Com base nessa orientação, a 3ª Seção do Superior Tribunal de Justiça deu provimento a recurso especial interposto pelo Ministério Público do Estado de Goiás, reformando acórdão que havia reconhecido a ocorrência de crime único em assalto a residência familiar. O colegiado determinou a reinclusão da causa de aumento prevista no artigo 70 do Código Penal e fixou tese vinculante no julgamento do Tema 1.192 dos recursos repetitivos.

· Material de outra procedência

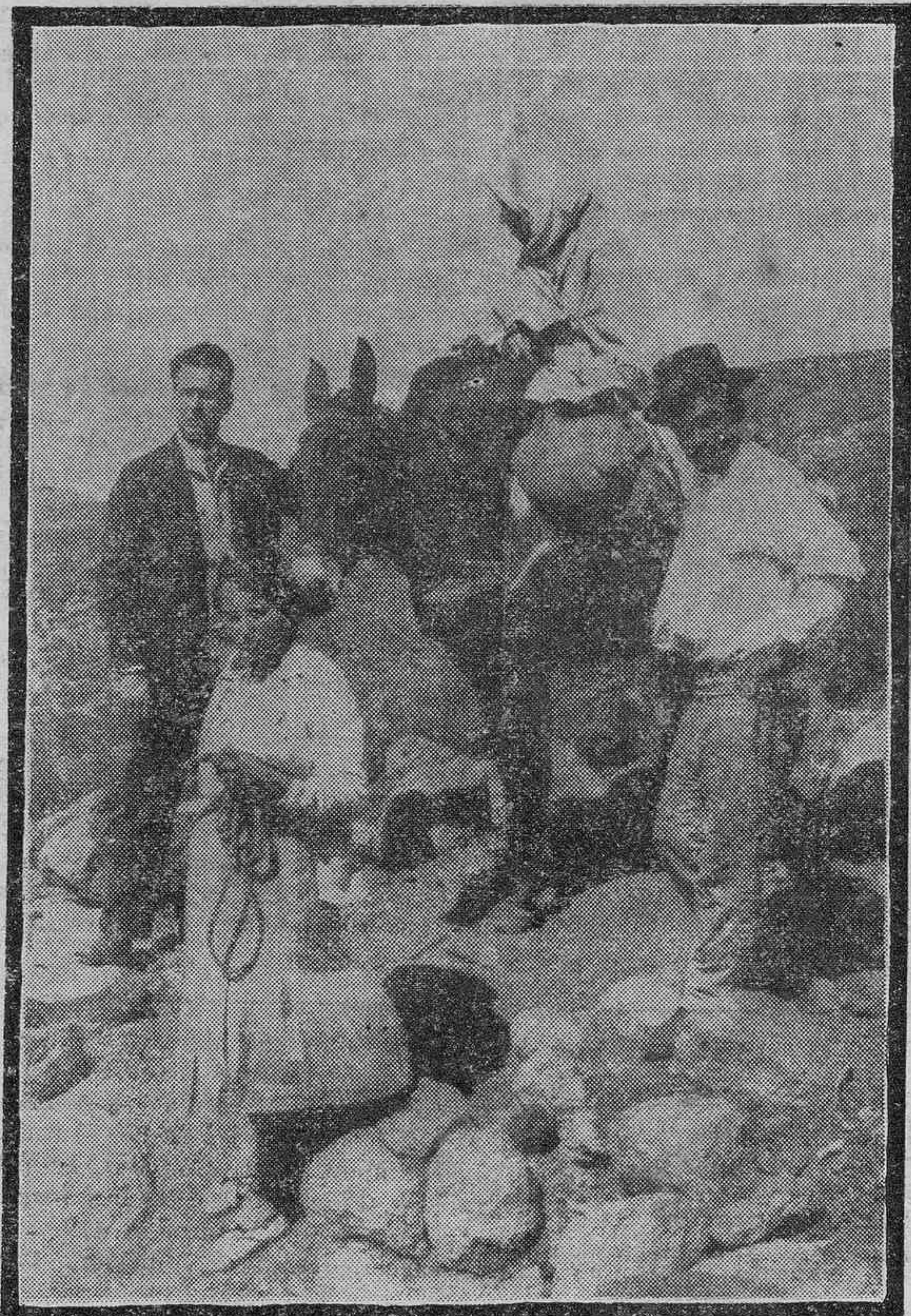
Transporte de una enferma grave, desde el Observatorio de Izaña

Acabamos de llevar a cabo, en unión de nuestro excelente compa- ñero de excursiones montañaras, don José María Segovia, una de las más maravillosas de las muchas e intere- santes que esta hermosa isla ofrece en su casi increíble variedad de paisa- jes, en bruscos contrastes a veces con sus elevadas, escarpadas y sal- vajes cumbres, sus bellísimas y deprimidas cañadas y sus bosques frondosos y solitarios que, sus imponentes siluetas y sus visiones sidéreas en las alayadas de sus gigantescas cimas y sus suaves armonías de luces, reflejos y coloridos en los tibios y fecundos valles. Y hemos tenido la suerte de ser, tras la muy fatigosa jornada, huéspedes una vez más del acogedor auxiliar de me- teorología destinado en el Observa- torio de Izaña, señor López Solís, pa- ra quien conservaremos siempre nuestro cordial agradecimiento por sus habituales solicitud y atenciones, conocidos seguramente de todos los tenerifeños aficionados a abandonar de vez en cuando la «tierra baja» para elvarse a las cimas en una purifica- ción, no sólo física, sino muy princi- palmente espiritual.

Segundo a tese firmada, “o cometimento de crimes de roubo mediante uma única conduta, sem desígnios autônomos, contra o patrimônio de vítimas distintas, ainda que integrantes da mesma entidade familiar, configura concurso formal de crimes”. O feito foi afetado ao rito dos repetitivos em abril de 2023, tendo seu julgamento concluído em outubro de 2025.
Caso concreto
No caso analisado, dois indivíduos invadiram uma residência, renderam duas vítimas mediante grave ameaça e restrição da liberdade, e subtraíram diversos bens, entre eles um veículo automotor, televisão, videogames, computador, roupas e calçados.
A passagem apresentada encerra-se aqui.